It was not the message many in the diaspora opposition wanted to hear. Over the past several years, prominent figures and vocal social media users have increasingly aligned with Israeli regional policy. For them, the dream was that a restored Trump-Netanyahu alliance would finally crush the “head of the snake” and bring down the clerical regime once and for all.

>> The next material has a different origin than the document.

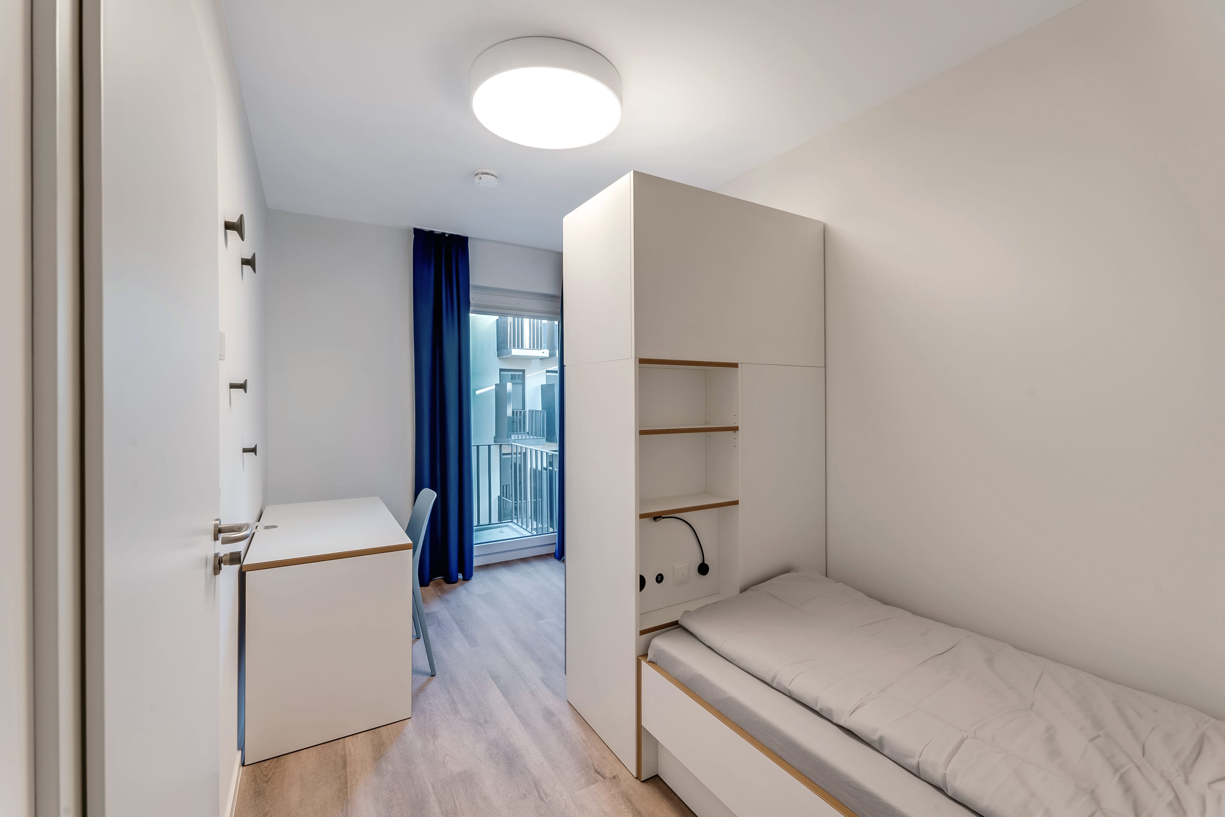 The shared rooms have a well-equipped communal kitchen with a large dining table. Of course, your room is lockable. Most rooms have balconies.

 Given the quasi-theological rhetoric that defines both Iranian and Israeli state discourse—each reducing the enemy to an apocalyptic evil—I quipped on Facebook at the time: “Looks like the Iranian middle class must choose between Trump’s olive branch and Bibi’s spear. Peace or missiles?” One, I joked, promised material gains and sanctions relief; the other offered retribution against the clerics and the Islamic Revolutionary Guard Corps, perhaps even regime change.

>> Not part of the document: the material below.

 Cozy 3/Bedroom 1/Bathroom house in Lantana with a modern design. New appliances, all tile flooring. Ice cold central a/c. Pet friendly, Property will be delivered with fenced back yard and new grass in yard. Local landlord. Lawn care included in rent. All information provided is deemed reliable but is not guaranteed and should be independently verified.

On one side are reformist insiders and Masoud Pezeshkian’s cabinet. On the other are exiled or disillusioned former reformists turned oppositionists—monarchist or republican, based in Iran or abroad. The “spear,” in this metaphor, replaces Moses’ staff—a hard-right fantasy that imagines piercing seas and stone walls to deliver the exiled Opposition into a promised homeland.

I focus here on the middle class because what we tend to call “Iranian public opinion” is, in truth, a projection of middle-class interests. Most domestic media—and nearly all media in exile—are dominated by this demographic. Their political voices are the reformists (inside Iran) and the Opposition (abroad). The distinction between “inside” and “outside” is more political than geographical. 

What we seldom hear is the voice of the working class: laborers, the downwardly mobile, and ethnic minorities in impoverished provinces. Often employed in informal service roles and excluded from full citizenship by ethnicity or poverty, these groups remain largely invisible in the media landscape.

This observation is not grounded in hard data, because such data doesn’t exist. But consider this: much of the political, economic, and cultural discourse in Iranian media (both inside and outside the country) is crafted as if its primary audience were an archetypal middle class, regardless of the universal language of “national interest.”

U.S. foreign policy toward Iran has consistently exposed this class fault line, swinging between Trump’s olive branch and Netanyahu’s fury.

First Trend

Shopkeepers, importers, and tech entrepreneurs rely on dollars, navigating sanctions through an elaborate web of currency exchanges and banks in East Asia. For them, the removal of economic and banking sanctions is paramount. Their elite lifestyles, both in Iran and abroad, have long mirrored Western standards. Their aspirations are broadcast through an army of social media influencers and glossy lifestyle content: designer brands, private clinics, digital gadgets, and aspirational travel.

They are not regime insiders, nor are they beneficiaries of nepotism. They are doctors, nurses, architects, coders, and other skilled professionals who dream of owning a home and car through years of honest work. War, bombing, border closures, and airport shutdowns directly threaten their economic security. For this group, Trump’s olive branch—and the hope of future foreign investment, even under clerical rule—is preferable to the chaos of military confrontation. 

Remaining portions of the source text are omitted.